For all the terrible that was my final year at school, this summer was a thousand times worse.

-swegan

Sunday, September 24, 2017

Guess who hasn't written a word of any book since that post lol

You know what I have done? Absolutely nothing! Somehow! Two job interviews, neither of which worked out (but one of which I know for sure was not my fault... the other people just never got back to me ever and sometimes no answer is an answer ya feel)... two prof emails, one of which actually DID work out recently after I thought the prof had left me in the lurch. I finally got the insurance issues with my car sorted out. I ordered winter tires. I refilled my prescriptions. I found out I no longer have health insurance. I now have to pay full price for all my prescriptions. Did you know the birth control patch is $11/patch?

I've read a bunch of books. I mean, not compared to some people I know who read religiously, but compared to what I have managed to read over the past four years it's a lot.



I feel so stagnant. Almost everyone around me is in school or is at least...really, actively trying for something, with a job in the meantime. The other day I considered doing a degree in medical lab science and my parents' response was "I thought you wanted to do medical genetics" and "We just don't want to see you throw away your potential because you think you can't do it" like ok lol preeeeeetty sure a 3.4 won't get me into med and you guys just don't understand the system AT ALL but nope this is just me not thinking I'm good enough, sure.

I mean like. I do still want medical genetics. But like. I do want other things to. I still want to write a book, in theory. I'd still like to work. MLS is appealing as something I could feasibly get into that is y'know like ACTUAL JOB TRAINING for a job that is NECESSARY IN THE HEALTH CARE SYSTEM and is something we have ESTABLISHED I AM GOOD AT but


I know. I know someday I will look back and I will think wow! Why did I think that was hard? Everything turned out all right! But, future me, you arrogant asshole, I can't see what's going to happen here. I don't see how I work my way out of this. I can't see the path to Something while I'm wandering in the midst of Nothing. If time travel IS possible I'd really appreciate a sign for what it is I need to do to get out of this mess. Or just some borrowed motivation would be great.

I mean everyone has to learn what rejection after rejection after rejection feels like right? Well, if you haven't gotten there yet, let me tell you firsthand that after being the sort of kid who never ever failed at anything ever, it fucking sucks. I wish my first exposure to failure had been at the age of 10 or something so that I could have dealt with it in my developmental years but instead here I am, a week short of 22, 12 years later and STILL failing for the first time! Astonishing.

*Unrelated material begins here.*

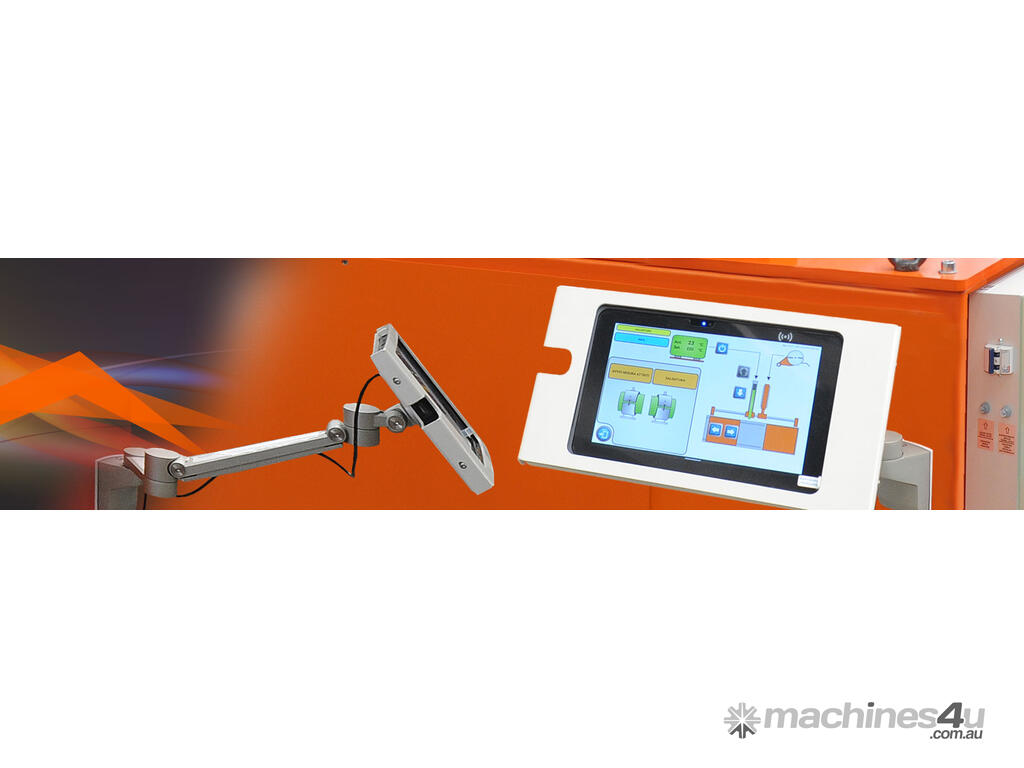 The welding machine is managed via a 10” Android tablet mounted on an articulated and adjustable support. The graphic resolution of 1920 x 1200 pixels guarantees highly sharp images.

It's been a bad week. It's so hard to keep myself afloat, it's so hard to keep trying to keep my brain in check and my thoughts where I want them. I just had control of them and now everything's changed and shifted around me into a new situation I don't have a pattern of control to deal with. I went to the gym three times this week and have started actually monitoring what I eat in an effort to lose weight because being depressed let my weight get out of control and in this wack ass situation I'm in where I feel entitled to complain still somehow, this is one thing I have power over.


I really just want something to work out or for some epiphany or motivation to hit me. I really, really need a win and it's only been a month. How long is this going to last?